Work required:
Set down again, exactly and only, the lines from the one that contains "Сумка для пляжа" through the last line of the records below, both included, but not the pictures.

(Stored data entries)
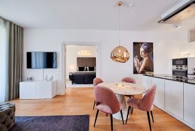 Die Ferienwohnung „Prinzessin Luise“ befindet sich in der dritten Etage und wird bequem über den Lift aus der Tiefgarage erreicht. Auf 74m2 Wohnfläche bietet sie ausreichend Platz für 3 Personen. Die hochwertige Ausstattung lässt keine Wünsche offen. So finden Sie, unter anderem, eine hochwertige Einbauküche mit angrenzendem Wohnbereich vor, welcher durch die großen Fensterfronten mit Licht nahezu durchflutet wird. Hochwertige und ausgesuchte Materialien unterstützen den hochwertigen Wohneindruck zusätzlich. Auf dem Dach des „FIRST SELLIN“ stehen Ihnen sowohl ein großzügiger Sky-Pool, als auch eine Saunalandschaft zur Verfügung. Der Blick von dort auf die Ostsee lässt Ihren Urlaub zu einem wahrlichen Traumurlaub werden.In der Sommersaison können Sie darüber hinaus im hauseigenen Außenpool (solar beheizt) relaxen oder sich natürlich in die Fluten der Ostsee am Strand stürzen.
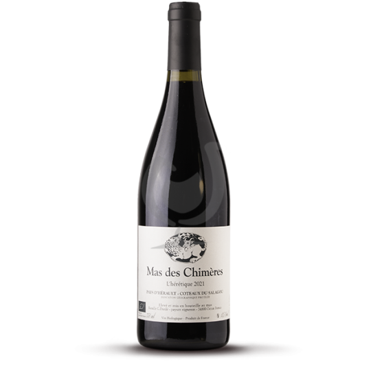 La cuvée “L’Hérétique” du Mas des Chimères est un vin rouge engagé et audacieux, élaboré à partir d’un assemblage dominé par 85 % de Merlot et environ 15 % de Cabernet Sauvignon et/ou Cabernet Franc, cultivés en agriculture biologique sur des sols argilo-sableux permien très anciens, riches en oxyde de fer avec des blocs de basalte volcaniques.
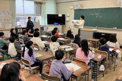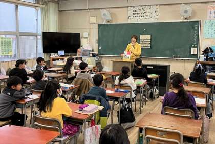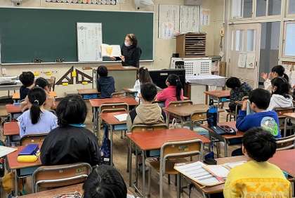 子どもたちの発達段階や実施時期に応じた内容の絵本を選んでお話をしてもらっています。〔写真:2年〕
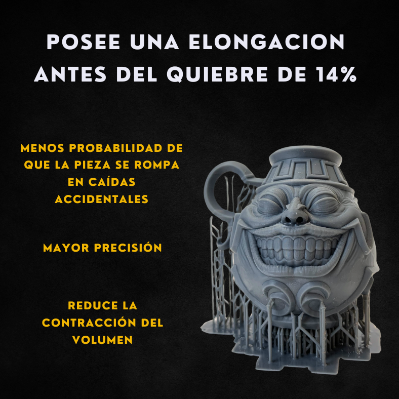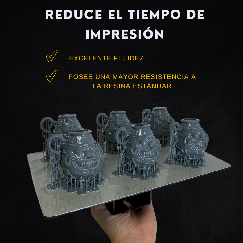 - Creada para reducir el tiempo de impresión con su excelente fluidez, y posee una resistencia mayor a la resina 3D estandar.
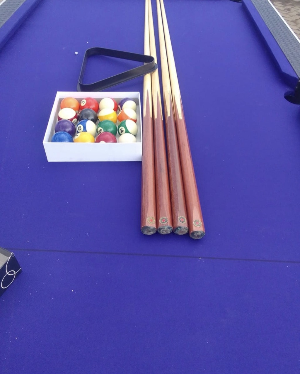 cue sticks (pool sticks) , Pool balls set , triangle , pool chalks, pool tips, rubber, white ball, office pool tables, commercial pool tables, customized pool tables, token machines, 20b0b machines, straight 6 machines, billiards, snookers, speed cloth Pool table repair and meintenance services
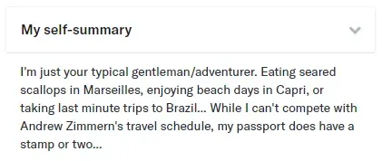 Here's another example of a good OkCupid self-summary answer:
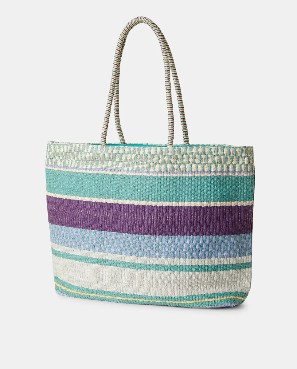 Сумка для пляжа типа shopper с средней ручкой и ярлыком бренда на передней стороне.
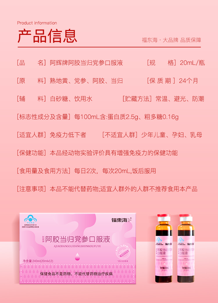 【福东海】阿辉牌阿胶当归党参口服液 240ml/盒 FDH08010021

Your response:
 Сумка для пляжа типа shopper с средней ручкой и ярлыком бренда на передней стороне.
 【福东海】阿辉牌阿胶当归党参口服液 240ml/盒 FDH08010021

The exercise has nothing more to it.